Find the line that contains "柳州市柳江区卫生健康局关于诊所执业登记行政审批项目取消后的事中事后监管工作方案". Copy it and every line after it to the end of the material below, exactly, with no pictures.

_INFORMATION SUPPLIED_.
_ _ _ _ _
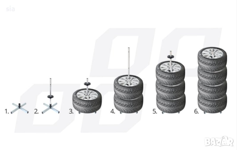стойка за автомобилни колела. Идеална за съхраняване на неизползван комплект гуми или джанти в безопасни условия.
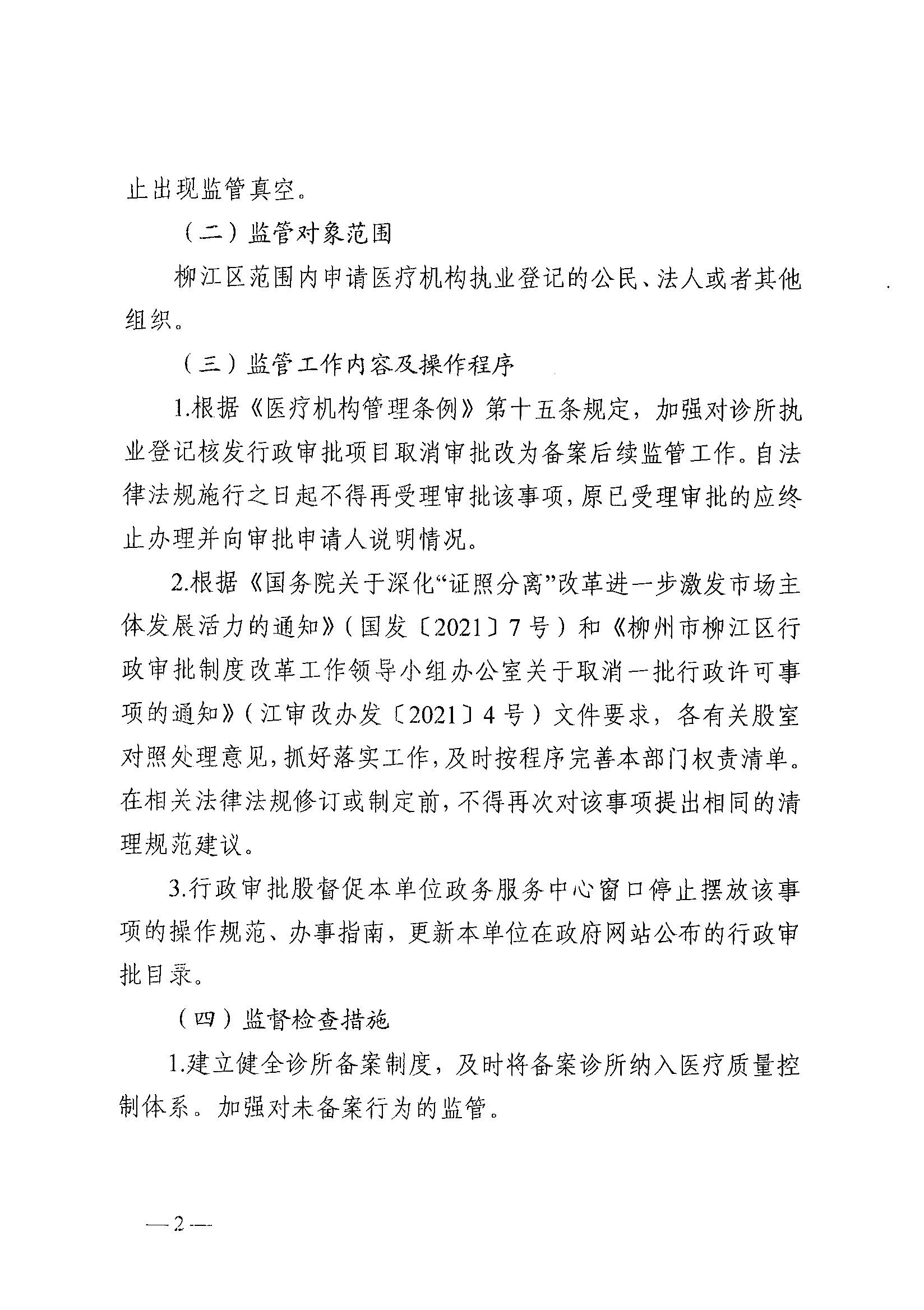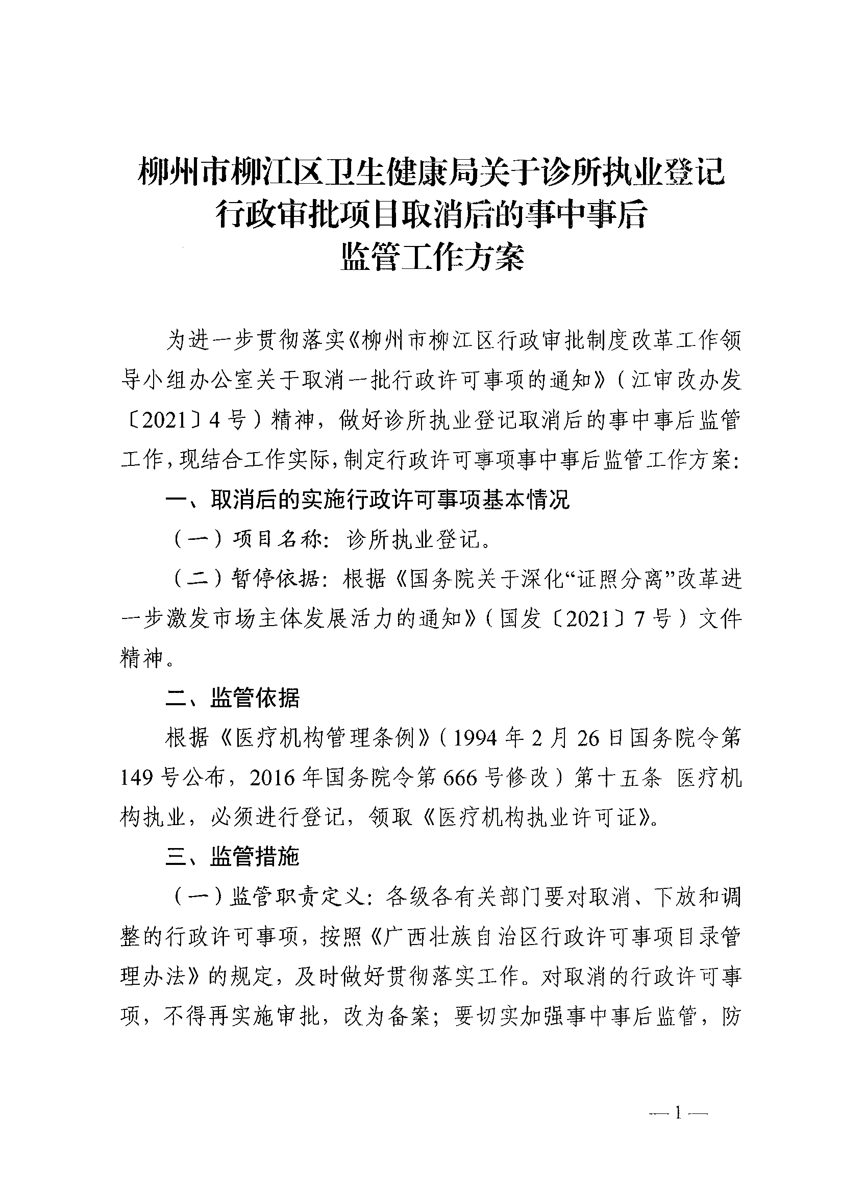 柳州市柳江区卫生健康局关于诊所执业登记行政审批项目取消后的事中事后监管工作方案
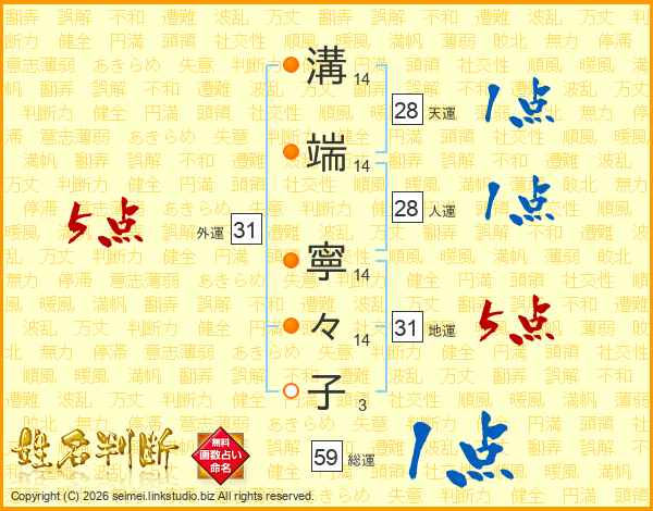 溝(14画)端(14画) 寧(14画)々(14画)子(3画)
_ _ _ _ _
_SOLUTION TO THIS EXERCISE_.
 柳州市柳江区卫生健康局关于诊所执业登记行政审批项目取消后的事中事后监管工作方案
 溝(14画)端(14画) 寧(14画)々(14画)子(3画)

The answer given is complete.